While the standard Gnome/Gtk+/GLib code idioms must be recognized and supported, it should not really matter at which point one breaks lines in function protoypes. Regular expressions alone are not sufficient to parse a reasonably large subset of C, a standard recursive parser should be used instead. (Another facet of this issue is how the documentation of complex nested structures should be written and presented.)
In addition, the user should be able to easily teach yagdoc his local
variations and conventions: constructs, that should be ignored, that can
stand for const
or extern
.
We have the luxury of object serialization Just Working in Python. We also have the actual token lists and parse trees. Analysing the same text fragments again and again in different places – with possibly slightly different regular expressions – as happens in gtk-doc is then avoidable and has to be avoided.
A small downside of the use of serialization is that the rough equivalent
of foo-decl.txt
(containing more information than that though)
will not be human readable. It is not meant to be human-edited and automated
changes should be done by extending the build process with Python code. So
the only uses are: tools that read it and humans wishing to look at it.
Tools written in Python are encouraged to just deserialize it, other tools
and humans can be served by a “pretty printer” that extracts information in
text form. In fact, various dumpers are being aleady written for
visualization of the in-core representation.
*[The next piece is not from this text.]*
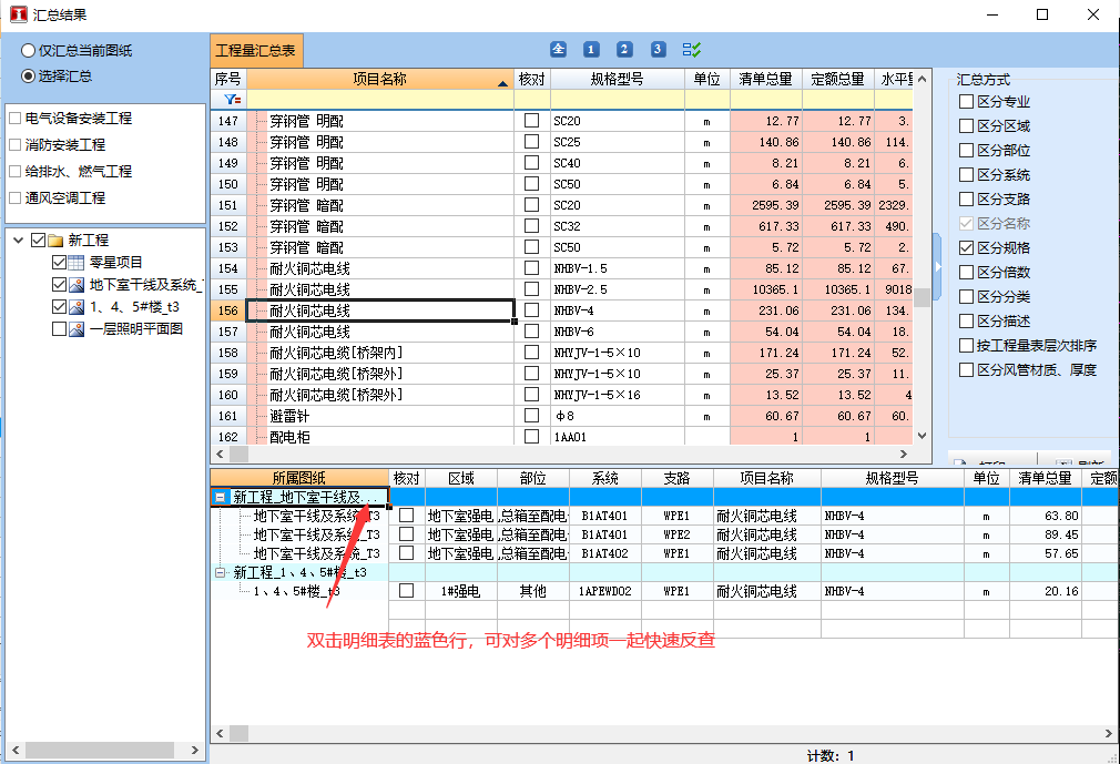 4、汇总表中的汇总明细如何多个明细快速反查?

The mechanism of defining variables in the Makefile, including another
Makefile that tries to do something reasonable with them and passing dozens
of options to the various tools has its limitations. It also makes the
output silently dependent (i.e. this dependency does not appear in the
Makefile rules) on the Makefile. Many people resign and customize
gtk-doc.make
directly.
While there's nothing wrong with such customization, we should be able to do better, and since the border between configuration and extension is fuzzy, use one mechanism for both.
configure
-determined parameters. It would be possible to turn
the yagdoc configuration file into a configure
template
(.in
), but that would be ugly. A better approach is to generate
a file imported to the main configuration file. It is also possible to
extract variable values from the Makefile in yagdoc.All assumptions (as oposed to hard facts, for instance about the C language) should be put into data instead of hardcoding them deep in some four-line regular expressions. And such data should be modifiable in the configuration file.
Documentation generation stages should be factored into overridable parts and/or allow user hooks at suitable places.
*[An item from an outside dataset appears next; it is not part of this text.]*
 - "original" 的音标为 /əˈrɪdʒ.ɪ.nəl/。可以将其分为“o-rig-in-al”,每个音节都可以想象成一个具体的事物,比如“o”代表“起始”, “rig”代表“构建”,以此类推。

Many extensions have the form of new source code markup or documentation tags that are then processed somehow. While the processing will typically require to write some real code, the recognition code should not require any changes. For instance, noting that symbols are deprecated according to their occurence inside certain preprocessor conditionals is a mechanism that is equally hard to implement specifically for deprecation and for general preprocessor blocks.
Every failure that is not due to yagdoc bugs (or system failures), has its origin in the source files. We might not be able to pinpoint the primary cause but we can always point to the line where we noticed things are not right. Not emitting some standard error messages (for instance GCC-like) is a mortal sin.
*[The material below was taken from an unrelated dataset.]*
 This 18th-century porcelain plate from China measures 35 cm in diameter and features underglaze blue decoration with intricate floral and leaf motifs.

Also, an “advantage” of Python against Perl is that essentially everything that gets wrong raises an exception and unbounded exceptions are fatal. The code just has to be right and handle bogus input with grace.
The parse-or-perish approach perhaps requires more effort, and sometimes unfortunately cooperation from the user, on the other hand, he will not need to wonder why his declarations are not picked up. Either they are, or they produce errors.
See Gtk-doc Future for some interesting ideas. The key word is some: there are features that yagdoc naturally implements because that's the way it should work from the begining, some interesting extension suggestion, and cases of – probably bad weed you'd rather quit smoking.